Un ulteriore elemento su cui Martini si sofferma è l’esigenza di ricollocare i farmaci nel corretto canale distributivo. «In questi anni – evidenzia – molti farmaci di fascia A per le patologie croniche sono stati inseriti nella Dpc per avvicinare il farmaco al paziente. Questa scelta, però, ha creato uno squilibrio nei tetti di spesa, in quanto i farmaci della Dpc rientrano negli acquisti diretti, incrementando lo sforamento della spesa di questi, a fronte di un risparmio della spesa convenzionata delle farmacie. Questo risparmio, però, non è tornato al settore farmaceutico, ma è rimasto nei budget delle Regioni. Tali incongruenze devono essere considerate dalla Commissione e riportate nella relazione finale che servirà poi al potere legislativo per prendere provvedimenti normativi che ribilancino la distribuzione del farmaco». Secondo Martini è quindi fondamentale ricollocare i farmaci nel canale distributivo più adeguato, riportando alla farmacia quei medicinali che non hanno motivo di restare in distribuzione diretta, come molti di quelli destinati ai pazienti cronici. La scelta dei canali distributivi deve inoltre essere uguale in tutte le Regioni.
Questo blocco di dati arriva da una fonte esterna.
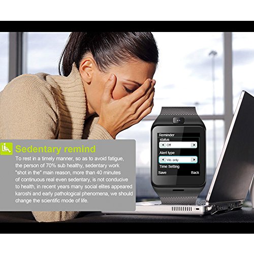 -. Feature : Long Standby Time-Built in 550mAh polymer battery,charger time about 1 hour,could support 3-hour phone call,6-hour music play,stand by one week. / Call / SMS Reminder:supports 2G SIM card,can realize basic call and SMS function,if you want to use Whatsapp,Twitter,Facebook on watch,you need put a 2G SIM card or connect the watch with your phone. / Support hands-free calls /Answer or Dial calls from your wrist,Remote control your phone camera to taking a photo,health tracking app can monitor your sleeping,walking. / Two Working Mode:One is connect with phone by bluetooth,It Enable To Make Call Or Receive Call/Send/Get Message Etc Via Bluetooth.;Another one is Network Mode (need Insert SIM TF Card),It Enable To Make Call And Send Or Get Message Via The SIM Card You Inserted,the watch be a cell phone. / Compatible with Andriod smartphone& Android Tablet PC.(4.2 and Above) .Bluetooth 3.0,include SAMSUNG galaxy s4/s5/s6/s7 Edge Note 3/4/5 HTC NEXUS SONY LG HUAWEI XIAOMI ect.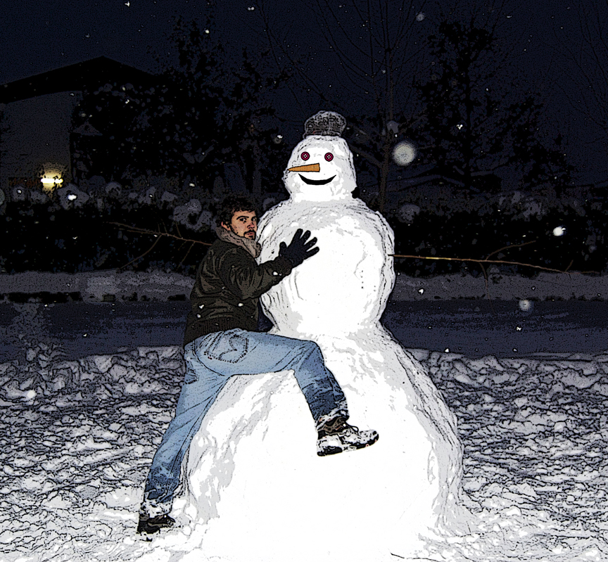 Yesterday I got very excited cause of all the snow getting more and more on the side of streets. All that endless snowing, made me want to build a snowman. I wanted to build something kids would see from far away, screaming something like “Oh my God, did you see that mom?! THAT-IS-AWESOME!!!” Also, that was a new challenge for me. I remember that when I used to be a kid, building regular-sized snowmen wasn’t easy at all: you get some snow you push it against the snowman’s head in order to complete the head and the whole thing falls off. What the hell, how frustrating.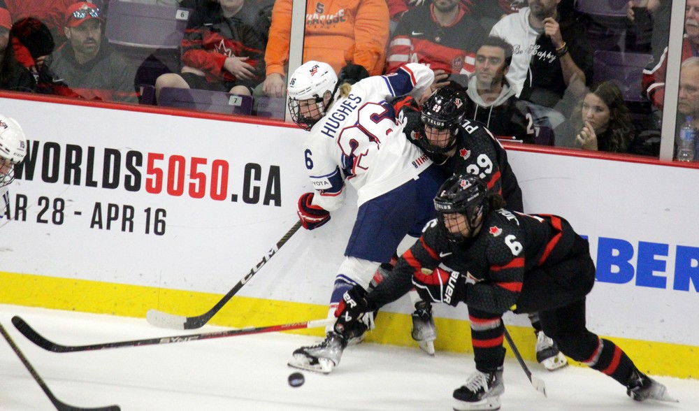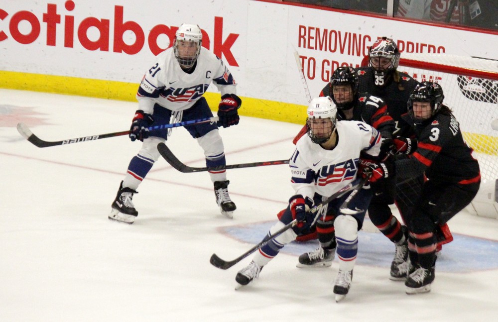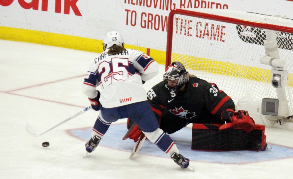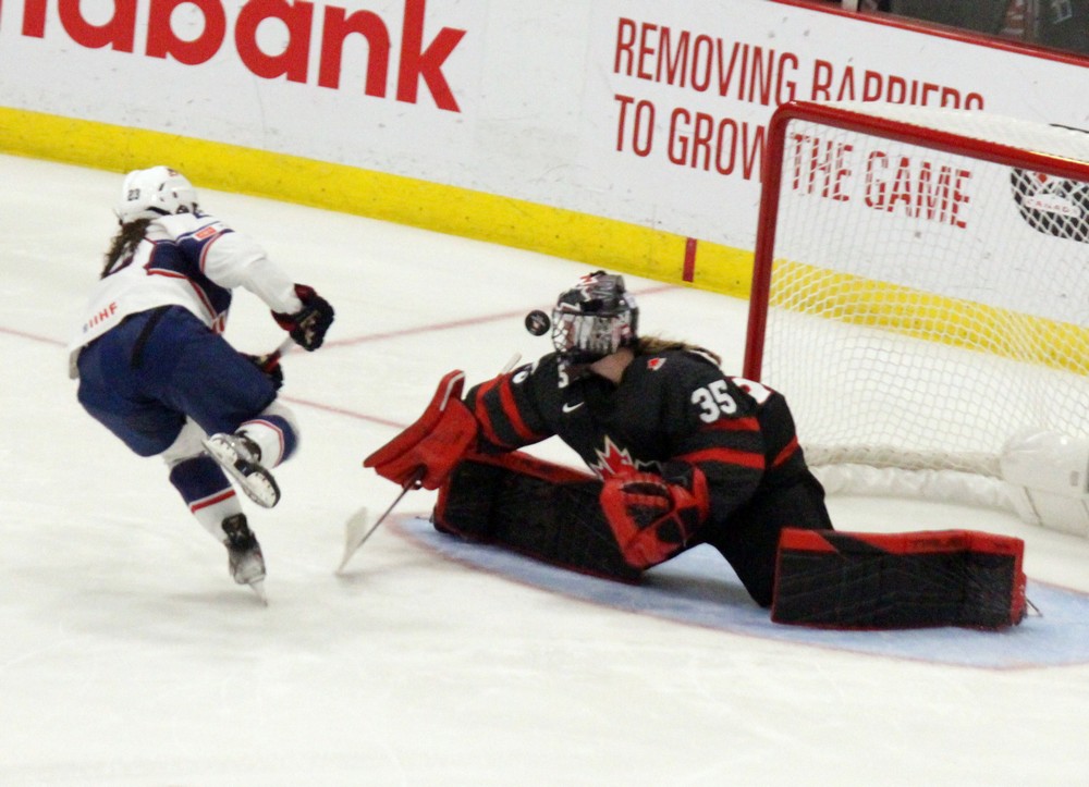 Désignées joueuses du match : Ann-Renée Desbiens (Canada) et Hilary Knight (États-Unis)

Un nuovo sistema di remunerazione

Martini auspica un ribilanciamento della distribuzione del farmaco, che vada anche a sostenere economicamente la farmacia. «Diversi farmaci usati per le patologie croniche e prescritti dai medici di medicina generale – afferma – devono tornare a essere gestiti dalle farmacie, che devono acquistarli e distribuirli direttamente, altrimenti la farmacia si impoverisce e limita la sua funzione a una mera distribuzione di prodotti che non conosce, screditando anche la propria immagine agli occhi dei cittadini. Serve una riforma normativa della governance farmaceutica con criteri di unitarietà di accesso per i pazienti ed equità di collocazione dei farmaci». Martini prende poi in esame la modalità remunerativa della farmacia che, a sua volta, necessita una revisione al passo con i tempi. «Il costo dei farmaci chimici era molto più contenuto e giustificava la remunerazione della farmacia con una percentuale sul prezzo del farmaco. Ma gli attuali medicinali biotecnologici hanno un costo notevolmente più elevato e non sarebbe possibile mantenere, su questi farmaci, la stessa percentuale. È quindi opportuno trovare un sistema di remunerazione che valorizzi la professionalità del farmacista, con un’adeguata fee, uguale su tutto il territorio, che vada a remunerare l’atto professionale».